• **Your goal**:
The required output is the line with "Bronze plaque mounted" plus all lines that follow it to the end of the listing below, written out exactly, with no pictures.
*** Opening Data excerpts ***
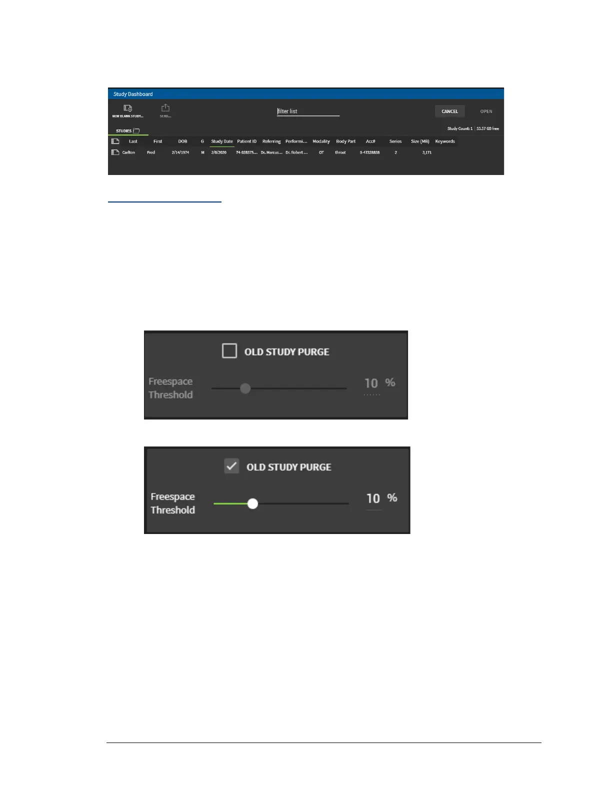 1. Click the checkbox OLD STUDY PURGE to set a free space threshold.
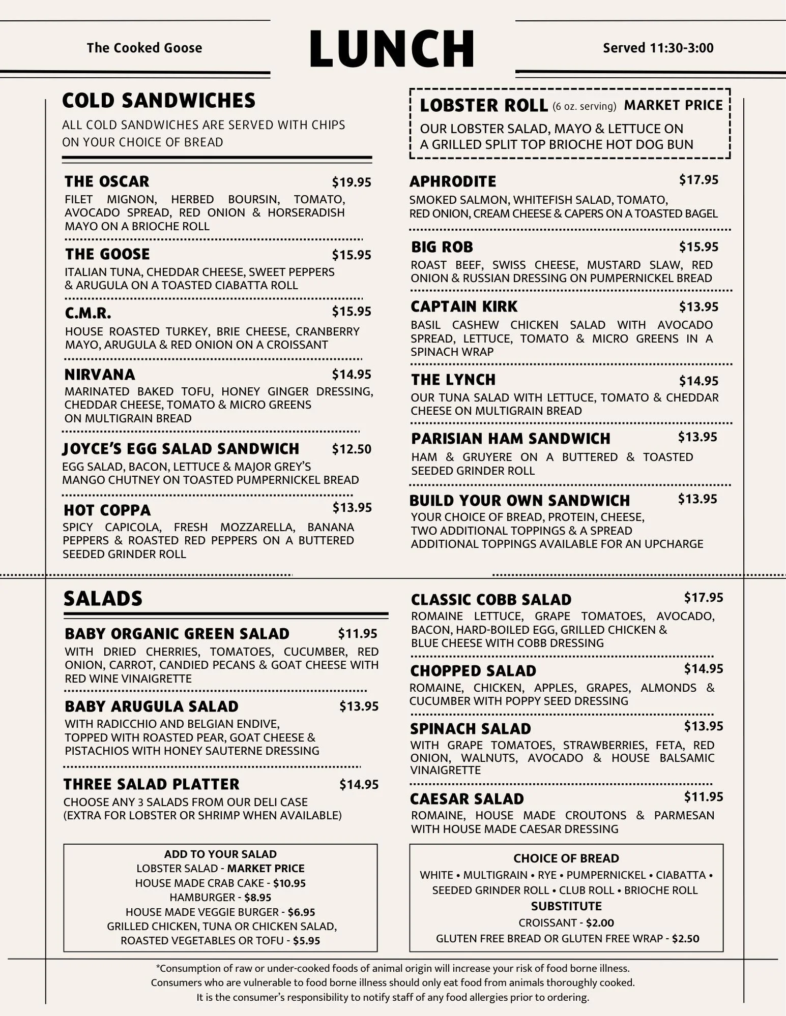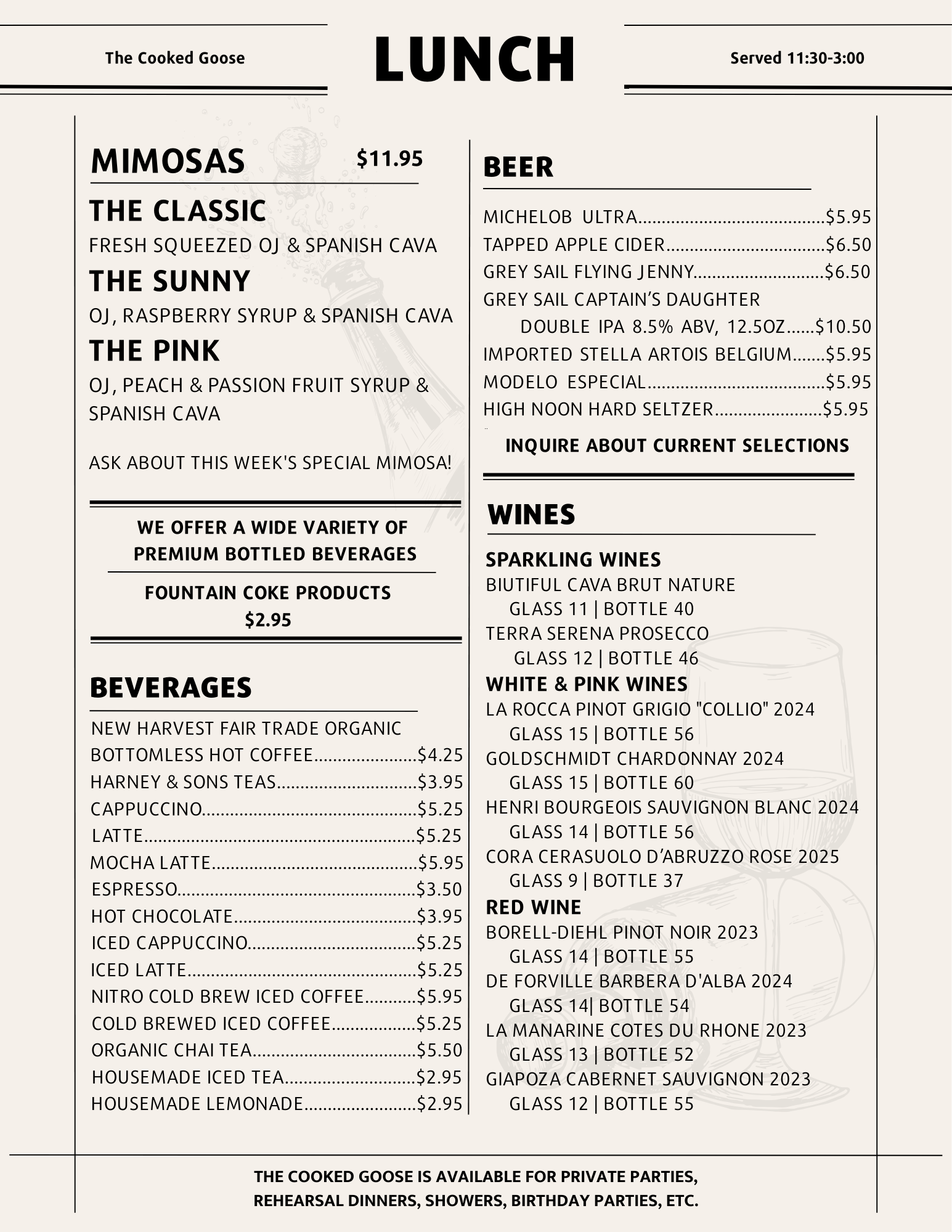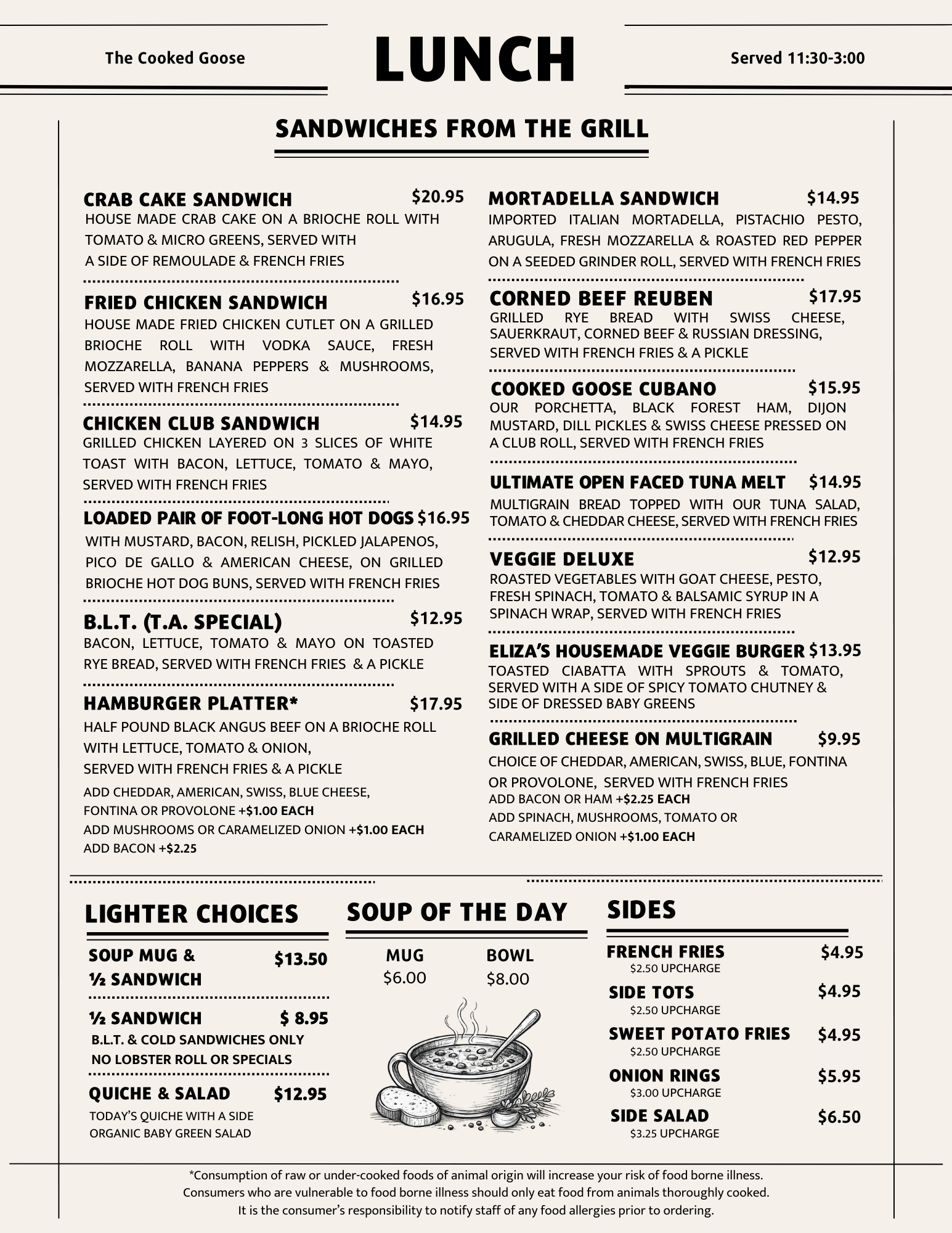 Please note that on busy mornings, breakfast may extend slightly while our kitchen completes breakfast orders and transitions to lunch.
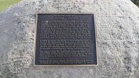 Bronze plaque mounted on a large stone, located in a park at the end of Kidd's Lane in the community of Cookstown. The
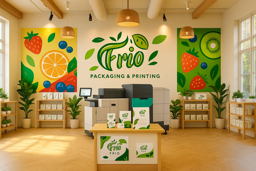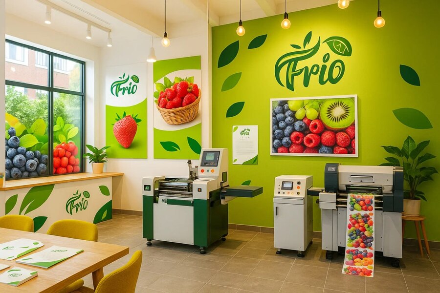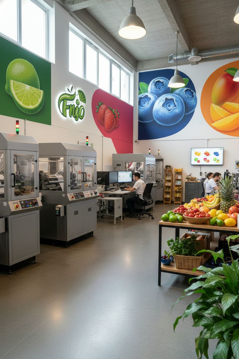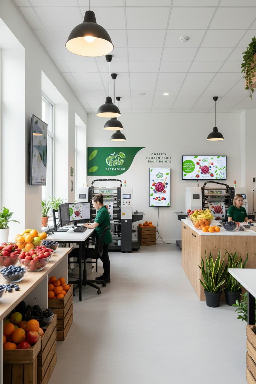 /image prompt: create a cozy production facility designed according to the provided corporate identity, specializing in printing packaging for frozen fruits. The interior should feature vibrant displays of fresh fruit, combining bright, cheerful colors and positive, welcoming design elements that reflect the brand’s values. The space is well-lit with natural and warm artificial lighting, creating an inviting atmosphere for both workers and visitors. Include modern printing equipment integrated seamlessly into the environment, with clean, organized workstations and branded signage throughout. The overall style is contemporary and friendly, emphasizing freshness and quality, captured in a wide-angle view to showcase the facility’s layout and ambiance. Нейросеть: nanobanana
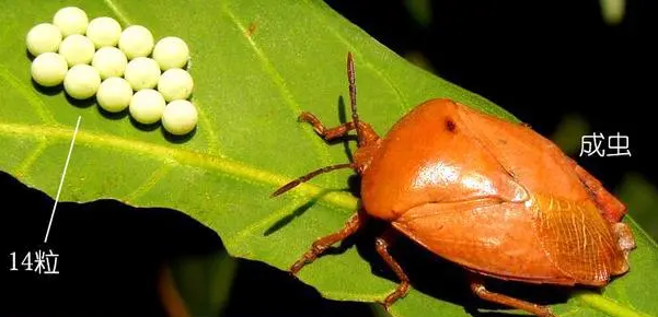 福建农林大学研究员刘长明介绍,“14粒是它的最大限度,荔蝽每次产卵数量不可能多于14粒”。所以,常见的卵块确实多为14粒。
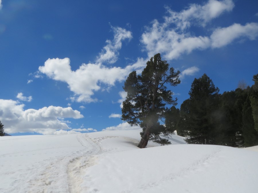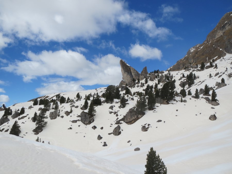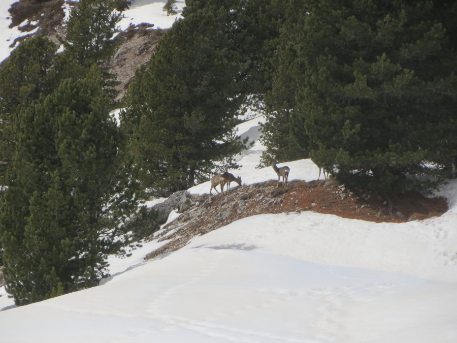 Con l'impianto che parte da Santa Cristina in Val Gardena siamo arrivati facilmente a quota 2070 metri, da lì verso nord con le ciaspole siamo arrivati ai piedi della Piccola e della Grande Fermeda, siamo passato sotto la Piera Longia ed abbiamo poi seguito il sentiero che d'estate porta alla ferrata del Sass Rigais. Da lì poi siamo rientrati scendendo verso il rifugio Firenze. Scendendo dalla Piera Longia abbiamo visto diverse impronte di capriolo fino a vederne finalmente 4 che brucavano la poca erba in mezzo alla neve sotto i cirmoli.
*** Closing Data excerpts ***
• **Answer to this problem**:
 Bronze plaque mounted on a large stone, located in a park at the end of Kidd's Lane in the community of Cookstown. The
 /image prompt: create a cozy production facility designed according to the provided corporate identity, specializing in printing packaging for frozen fruits. The interior should feature vibrant displays of fresh fruit, combining bright, cheerful colors and positive, welcoming design elements that reflect the brand’s values. The space is well-lit with natural and warm artificial lighting, creating an inviting atmosphere for both workers and visitors. Include modern printing equipment integrated seamlessly into the environment, with clean, organized workstations and branded signage throughout. The overall style is contemporary and friendly, emphasizing freshness and quality, captured in a wide-angle view to showcase the facility’s layout and ambiance. Нейросеть: nanobanana
 福建农林大学研究员刘长明介绍,“14粒是它的最大限度,荔蝽每次产卵数量不可能多于14粒”。所以,常见的卵块确实多为14粒。
 Con l'impianto che parte da Santa Cristina in Val Gardena siamo arrivati facilmente a quota 2070 metri, da lì verso nord con le ciaspole siamo arrivati ai piedi della Piccola e della Grande Fermeda, siamo passato sotto la Piera Longia ed abbiamo poi seguito il sentiero che d'estate porta alla ferrata del Sass Rigais. Da lì poi siamo rientrati scendendo verso il rifugio Firenze. Scendendo dalla Piera Longia abbiamo visto diverse impronte di capriolo fino a vederne finalmente 4 che brucavano la poca erba in mezzo alla neve sotto i cirmoli.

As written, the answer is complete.